In the year 2024, the property market saw a drastic change, with two completely different halves. The first half was slow and uneventful, with boutique developments being the main attraction. According to Huttons Data Analytics, it also saw the lowest number of units launched for sale since the first half of 1996. The sales volume reflected this trend, with only 1,889 units sold in this period – the lowest number since 1996. However, the 533-unit Lentor Mansion managed to stand out amidst this lackluster performance, achieving a 75% take-up rate during its launch weekend in March. Other project launches in the first half of 2024 also saw relatively unimpressive sales compared to the previous year.
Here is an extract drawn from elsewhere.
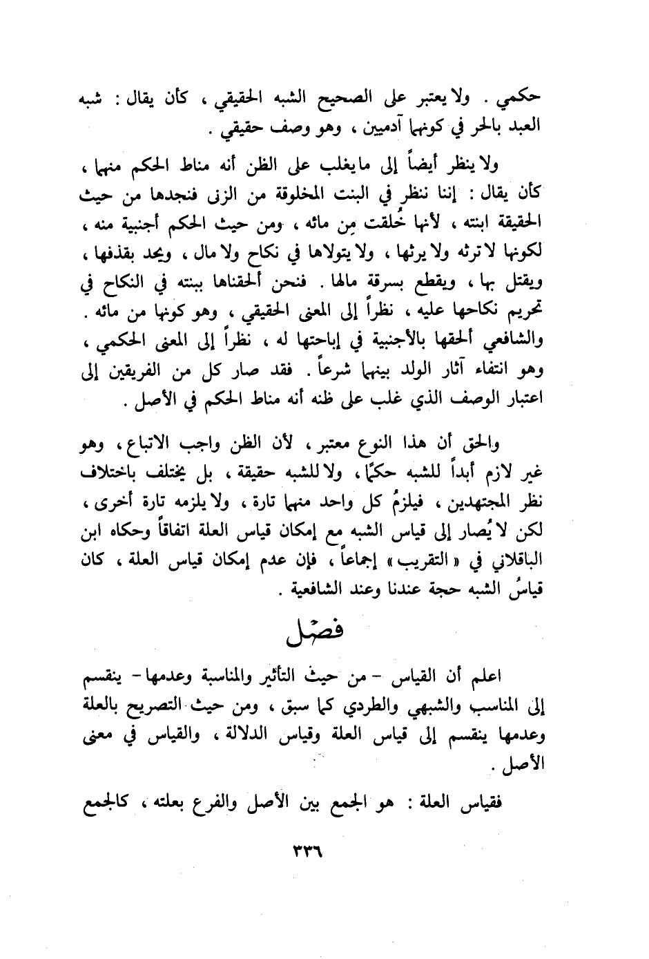 حكمي وَلَا يعْتَبر على الصَّحِيح الشّبَه الْحَقِيقِيّ كَأَن يُقَال شبه العَبْد بالحرفي كَونهمَا آدميين وَهُوَ وصف حَقِيقِيّ وَلَا ينظر أَيْضا إِلَى مَا يغلب على الظَّن أَنه منَاط الحكم مِنْهُمَا كَأَن يُقَال إننا نَنْظُر فِي الْبِنْت المخلوقة من الزِّنَا فنجدها من حَيْثُ الْحَقِيقَة ابْنَته لِأَنَّهَا خلقت من مَائه وَمن حَيْثُ الحكم أَجْنَبِيَّة مِنْهُ لكَونهَا لَا تَرثه وَلَا يَرِثهَا وَلَا يتولاها فِي نِكَاح وَلَا مَال وَيحد بقذفها وَيقتل بهَا وَيقطع بِسَرِقَة مَالهَا

According to Mark Yip, CEO of Huttons Asia, the sluggish market sentiment could be attributed to uncertain job prospects and high interest rates. He believes that buyers were holding back in anticipation of highly-anticipated launches in the second half of the year, such as Chuan Park and Emerald of Katong. Interested buyers can search online for the latest new launches to get information on transaction prices and available units.
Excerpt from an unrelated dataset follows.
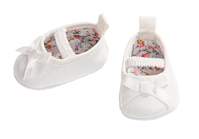 Diese Schuhe passen den meisten marktgängigen Puppen der Größe 38-45 cm mit Füßen von max. ≈ 7 x 4 cm. Farbe: weiß

However, the launch of the 276-unit freehold Kassia on Flora Drive in late July marked a turning point for the market. With a 52% take-up rate, it set the stage for strong sales following the Lunar Seventh Month. This was followed by the launch of the 158-unit 8@BT at Bukit Timah Link, which saw 53% of its units sold over the weekend of Sept 21–22 at an average price of $2,719 psf.

In the third quarter of 2024, new home sales jumped 60% quarter-on-quarter, according to Huttons. This shift in sentiment has been attributed to the 50-basis point interest rate cut by the US Federal Reserve in September. The strong sales momentum continued in October, with more than 50% of the 226 units at Meyer Blue sold privately at an average price of $3,260 psf. This set a new benchmark for the prime District 15 area on the East Coast.

The 348-unit Norwood Grand in Woodlands also saw impressive sales figures, with a take-up rate of 84% during its launch in October. With an average price of $2,067 psf, it was the first project in Woodlands to surpass the $2,000 psf threshold. Its success was seen as a sign of growing buyer confidence and demand, according to Huttons’ Yip. This triggered a wave of activity in November, with a record-breaking six new projects comprising 3,551 units launched over a span of 10 days.

The month began with the launch of the 367-unit The Collective at One Sophia on Nov 6, followed by the 366-unit Union Square Residences at Havelock Road on Nov 9. This was followed by the launch of the 916-unit Chuan Park on Nov 10, and a surge in sales over the weekend of Nov 15-16 with three projects launched simultaneously: the 846-unit Emerald of Katong, the 552-unit Nava Grove, and the 504-unit Novo Place executive condo (EC). This propelled developer sales for November to 2,557 units – the highest figure since March 2013. Overall, new home sales in 2024 are expected to surpass those in 2023, indicating the resilience and strength of the property market.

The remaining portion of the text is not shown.